If a grouse or partridge covey is sizeable, or when shooting a continual stream of pheasants, a Gun’s timing of shots will certainly be dictated by the speed of their loader. With the timing of his loader in mind, it’s important the Gun keeps looking forward to pick birds he can cope with comfortably.

Make no mistake, the operation of a good game shot and capable loader who work together regularly is like watching a well-oiled machine. Little indications reveal the degree of competence. For instance, having taken one shot when a short lull develops, the Gun and loader will change guns without a verbal or physical sign being given. End result is a fully loaded gun for the next birds to appear. In both stuffing and double gunning, a loader worth his salt will quietly act as a target spotter on drives when birds are appearing from numerous different directions.
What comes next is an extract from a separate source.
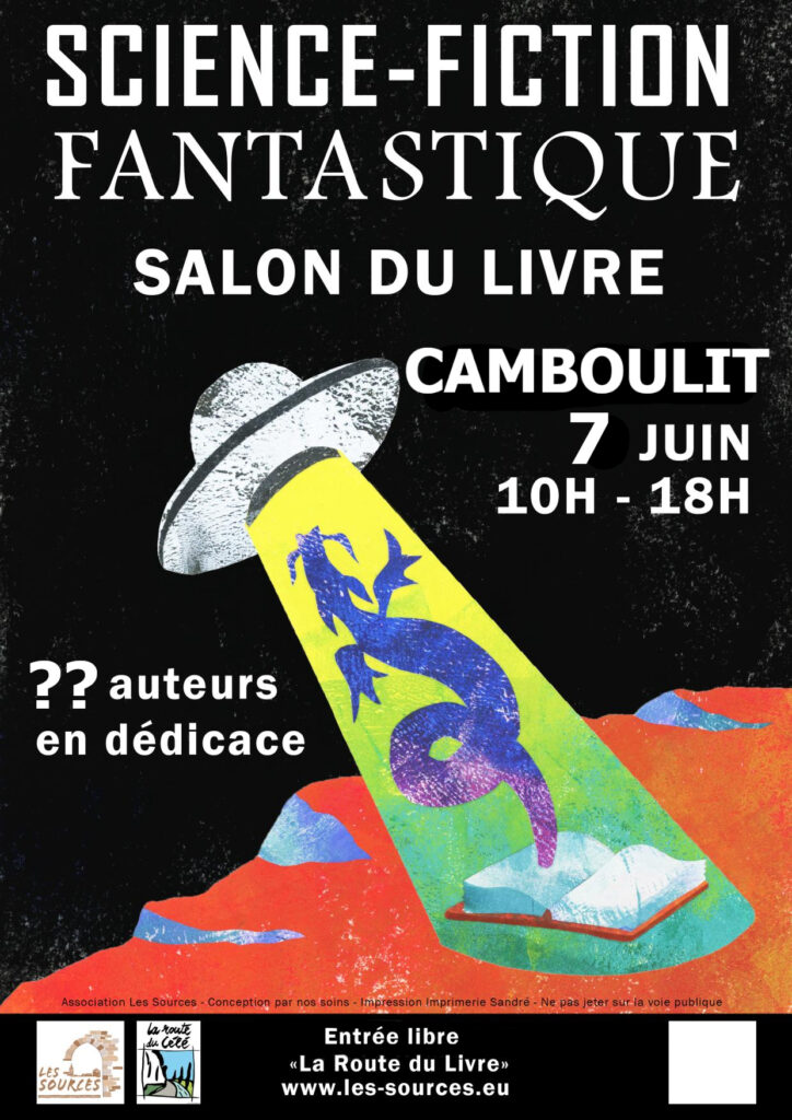 Dimanche 7 juin – Salon du Livre « Fantastique et Science-Fiction » Salle des Fêtes de Camboulit de 10h à 18h – Pour toute information, contacter Jean-Luc par mail salondulivre@les-sources.eu ou au +33 6 07 87 31 82

Loaders as safety advisers and guides

In addition to the duties of keeping the shotgun(s) replenished with cartridges, a loader may also be required to act as a safety adviser and guide for a Gun who is unfamiliar with the layout of the land. In fact, many shooting estates will insist that a new Gun is accompanied in this way.

Loader and Gun

A loader will also act as a guide for a Gun who may be unfamiliar with the layout of the land

Coaching the Gun

  • The loader can be a valuable source of information during the day. For example, target height which the Gun is comfortable with is a given requirement, as is advice on cartridge selection for particular drives or particular species.
  • When the loader is active, the available time and the amount of movement involved when the birds start flying means he/she will be inhibited in diagnosing shooting errors with any accuracy.
  • Coaching while stuffing is somewhat easier than when double gunning. The activity and movement required from the loader in double gunning means that rarely is it possible to accurately diagnose the placement of the shot.
  • It might be possible to spot gross errors such as a Gun’s feet being in completely the wrong position when a shot’s taken, or a major mis-mount under shooting pressure, for example.
  • And always remember the golden rule of coaching: resist the temptation to offer advice if you are not qualified.